Model Data Using Constraints, not Types
Data in many languages and databases has types. For example, in C++, we might write:
class Order {
unsigned int num_items_ordered;
float discount_percentage;
int address_pin_code;
}
I think a better style is based on constraints:
class Order {
num_iterms_ordered >= 1 && integer;
discount_percentage >= 0 && <= 100%;
address_pin_code >= 0 && <= 999999 && integer;
}
Why is this better?
First, it puts the focus on what matters more. For example, if you have a discount percentage of 150%, it’s a problem, because it means you’re paying people to order. Whether it’s an integer (150%) or float (150.5%) is secondary. But when you think in terms of types, your attention is focused on this less important aspect, while missing the important one.
Second, you should think in terms of your business logic, and leave it to the language to translate that into implementation details like how many bytes are used to store the integer. You should think top-down. Not bottom-up in terms of implementation types 1. In fact, that’s the whole reason why we use high-level languages — to think in terms of business logic and not the hardware.
Third, constraints can model data more accurately than types. For example, saying that num_iterms_ordered is an unsigned int still leaves open the possibility that it’s zero, which implies that the customer can order zero items, which doesn’t make logical sense. Programming languages don’t have a positive integer data type. As a second example, if a petrol station models the amount of fuel dispensed as a float, that permits a negative amount of fuel dispensed. Programming languages don’t have an unsigned float data type. As a third example, it’s better to say that the pin code should be <= 999999 than to say that it’s stored using a certain number of bits, because the constraint is in terms of decimal rather than binary digits.
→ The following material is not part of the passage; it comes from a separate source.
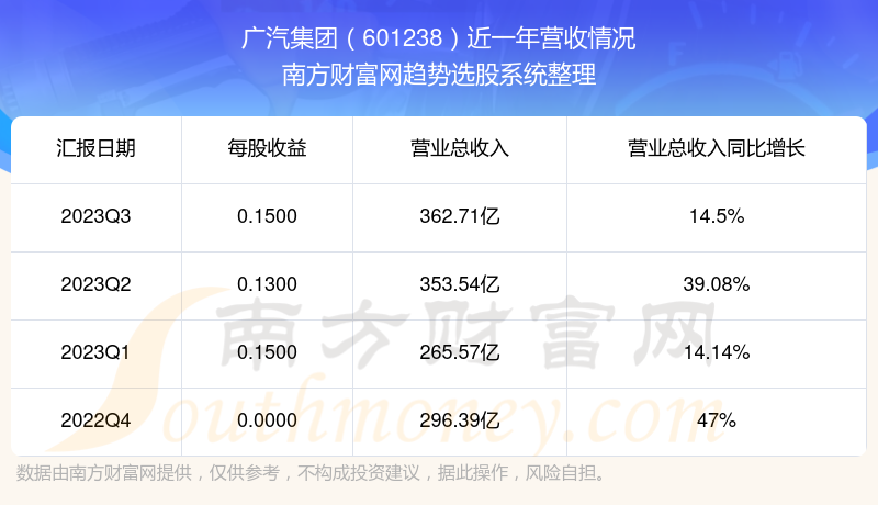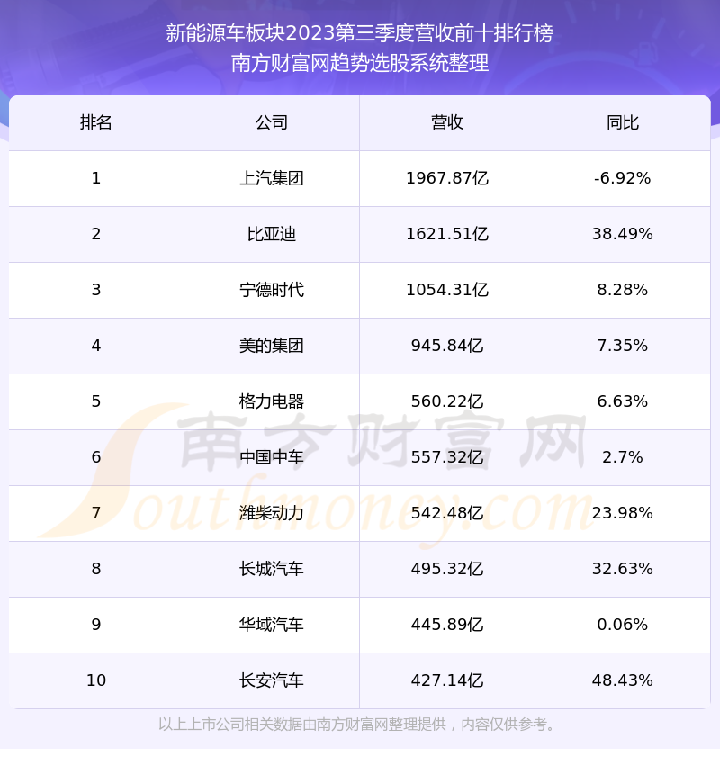 按照南方财富网趋势选股系统统计,该股所属板块为新能源车板块,该板块共有558只股票,广汽集团2023第三季度营收在该板块中排名为第11名,该板块2023第三季度营收排名前十的股票如下表:

This concept applies not just to programming languages, but also to databases. I’d rather write:
Table orders {
num_items_ordered >= 1 AND integer
discount_percentage >= 0 AND <= 100%
pin_code >= 0 AND <= 999999
}
than:
CREATE TABLE orders {
num_items_ordered INT NOT NULL,
discount_percentage FLOAT NOT NULL,
delivery_address STRING NOT NULL
}
In the first case, the constraints implicity say that it’s not null, because null would not pass the constraint of being greater or lesser than a threshold.
You might wonder what would happen if you’re writing performance-sensitive code where the implementation details matter. You can still handle that using constraints. Instead of
short x;
you can write:
x >= -32768 && <= 32767;
This gives the compiler all the information it needs to model it in two bytes.
So constraint-based modeling does not mean sacrificing performance.